Which is clearly wrong.
In this case, the problem is the placement of the text to be analyzed. Moving the text to the end of the prompt and being more explicit about what should be returned helps. Even simply adding the phrase "Give your answer as JSON" to the prompt fixes the issue.
This is why the precise form of the prompt you use is critical and why it may take several iterations to get it right.
What does all this mean?
The promise of ChatGPT
It is possible to analyze text and extract information from it. This is huge and transformative for business. Here are just a few of the things that are possible:
- Press clippings automation.
- Extraction of information from bills of lading.
- Automated analysis of SEC filings.
- Automated analysis of company formation documents.
- Entity extraction.
We haven't even touched on some of the many other things ChatGPT can do, for example:
- Language translation.
- Summarization.
- Report writing.
How to deliver on that promise
As I've shown in this blog post, the art is in prompt engineering. To get it right, you need to invest a good deal of time in getting your prompts just right and you need to test out your prompts on a wide range of inputs. The good news is, this isn't rocket science.
The skills you need
The biggest change ChatGPT introduces is skill levels. Previously, doing this kind of analysis required a good grasp of theory and underlying libraries.
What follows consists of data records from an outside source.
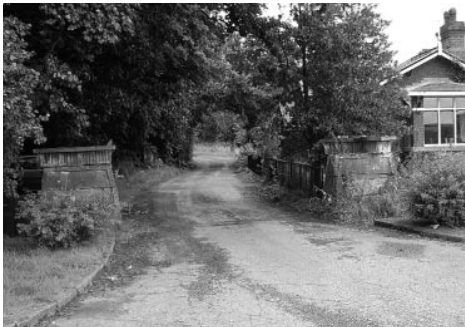
The distinctive 'Egyptian' pillars are still in place at the Chorley Lane lodge, but now looking a little worse for wear

Unfortunately, after demolition, nothing remained of this ancient seat apart from the two lodge houses, a number of outbuildings and the distinctive Egyptian Pillars at the Chorley Lane entrance. The site of the hall is now covered by a poultry house.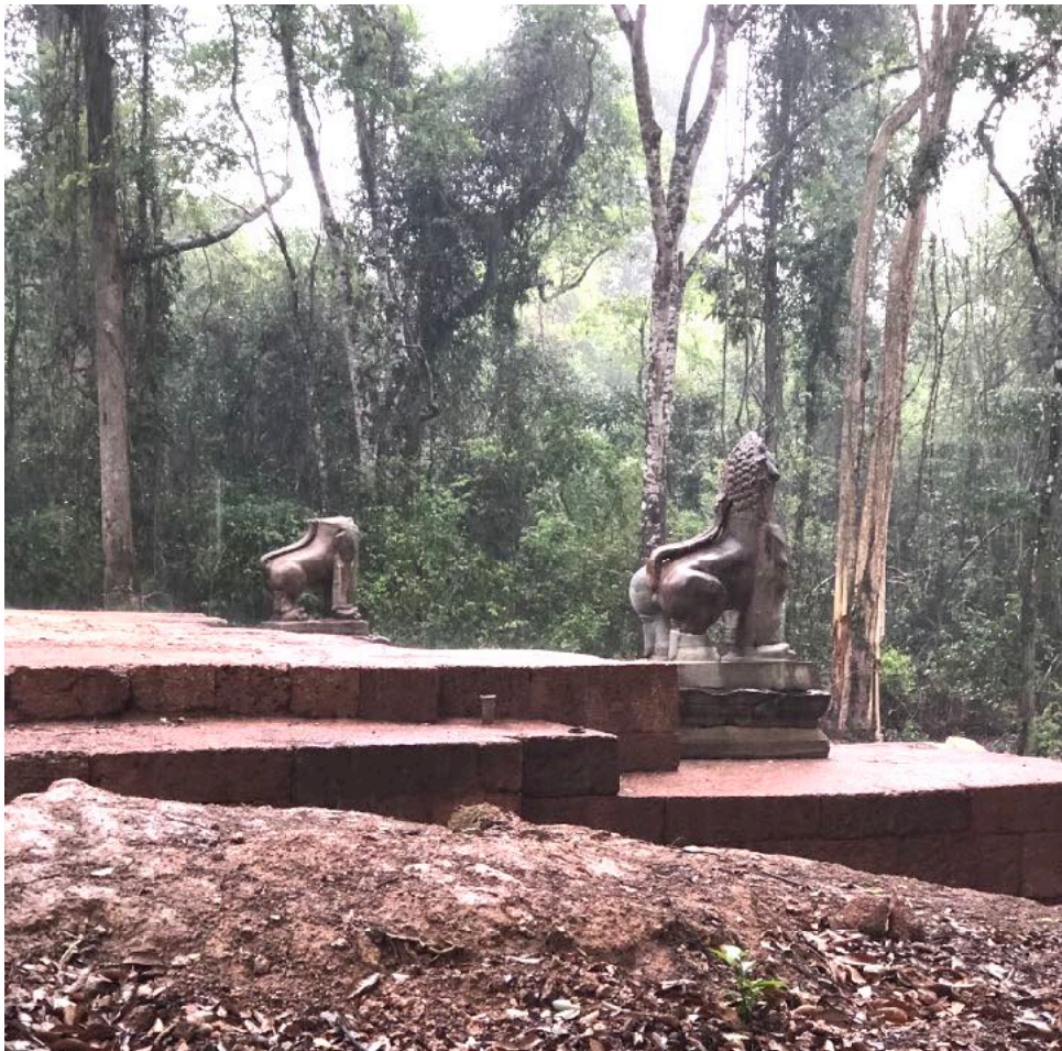
The two lions on their pedestals.

We braved the rain, just a few spots at first, and then heavy rain.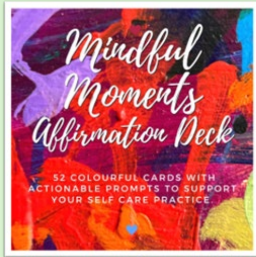
Mindful Moments Affirmation Deck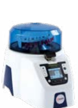
Precellys<sup>®</sup> Evolution Super Homogenizer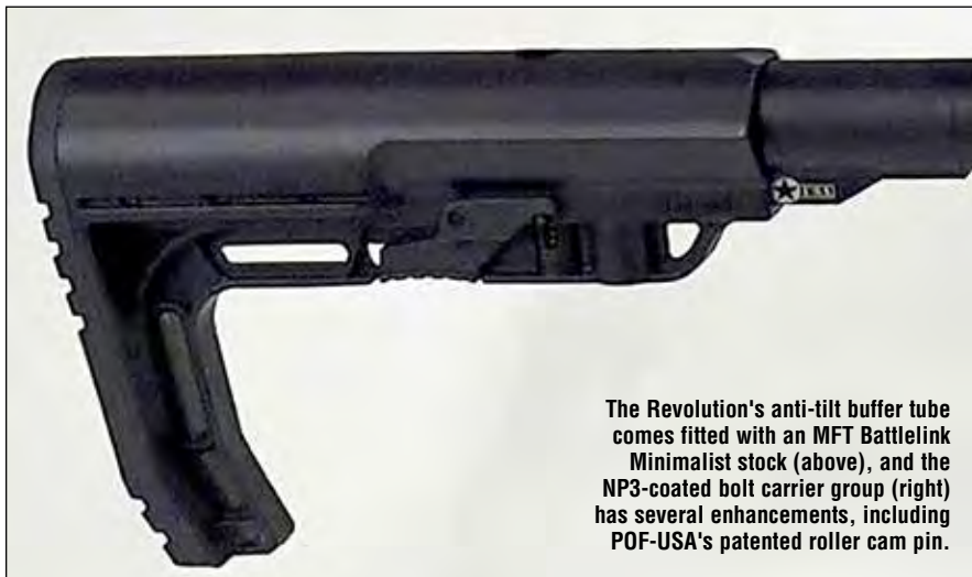
The Revolution's anti-tilt buffer tube comes fitted with an MFT Battlelink Minimalist stock (above), and the NP3-coated bolt carrier group (right) has several enhancements, including POF-USA's patented roller cam pin.

chamber and throat area of the barrel where expanding gas temperatures peak. Take into account the radiation properties of aluminum compared to traditional steel and you have 17 times more heat dissipation than a standard AR.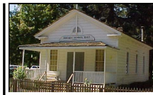
Rhoads School Established 1872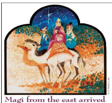
Magi from the east arrived

Gospel — The magi were overjoyed at seeing the star.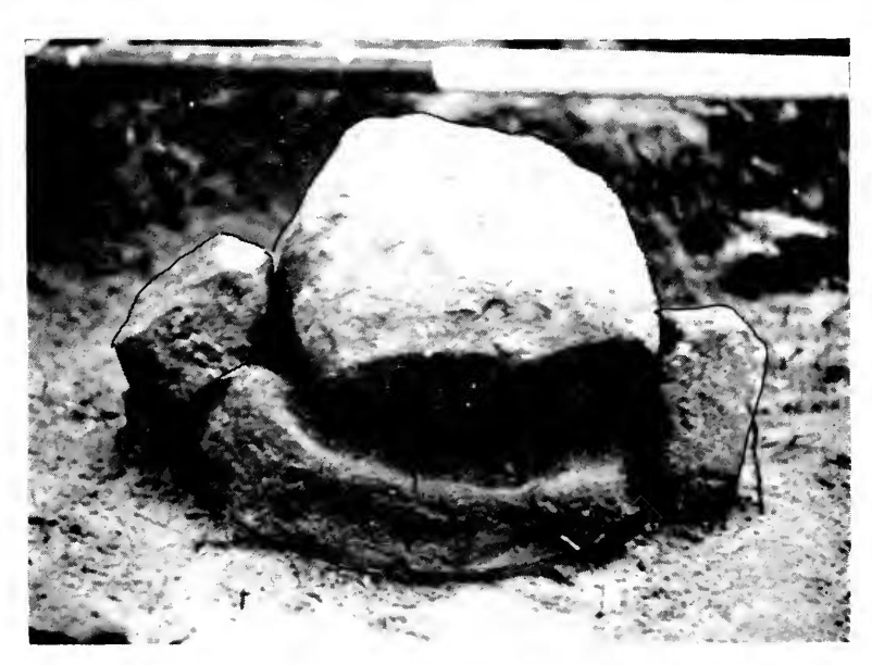
(b) Weston Wood: Quern,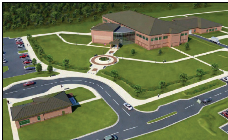
The facility, scheduled to be completed in 2010, will consist of three explosive ranges, eight classrooms, a laboratory, a conference facility, and office space for ATF personnel and federal, state, local and international law enforcement and explosives partners.

"The Department of Justice is extremely proud of ATF's expertise in the area of explosives. Through this facility, the Bureau will not only add to that expertise, but it will also share its knowledge with law enforcement partners throughout the country and the world. The research and instruction that will take place here are absolutely vital to protecting the American people, as well as America's allies," said Deputy Attorney General Filip.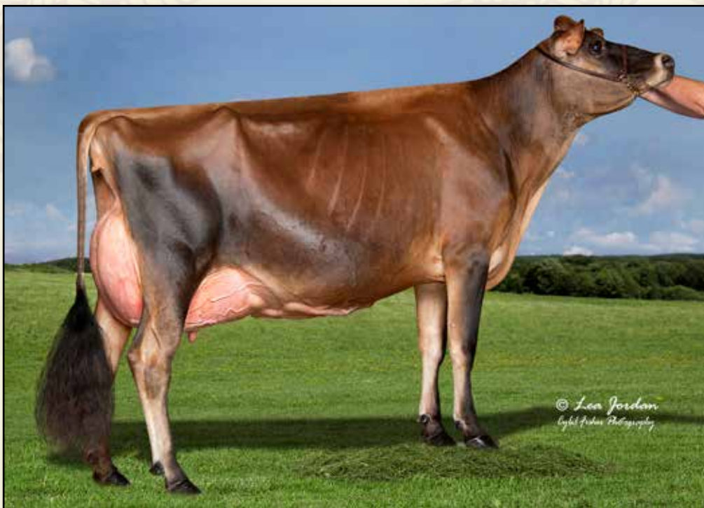
STONEY POINT BELMONT FASHION EX-94% MATERNAL SISTER TO DAM OF LOT 50 Grand Champion, New York SF 2017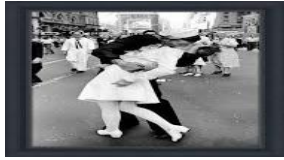
VJ Day 9/2

It took quite a lot of effort to build a system to analyze text. Not any more; the skill level has just dropped precipitously; previously, you needed a Ph.D., now you don't. Now it's all about formulating a good prompt and that's something a good analyst can do really well.
The bottom line
ChatGPT, and LLMs in general, are transformative. Any business that relies on information must know how to use them.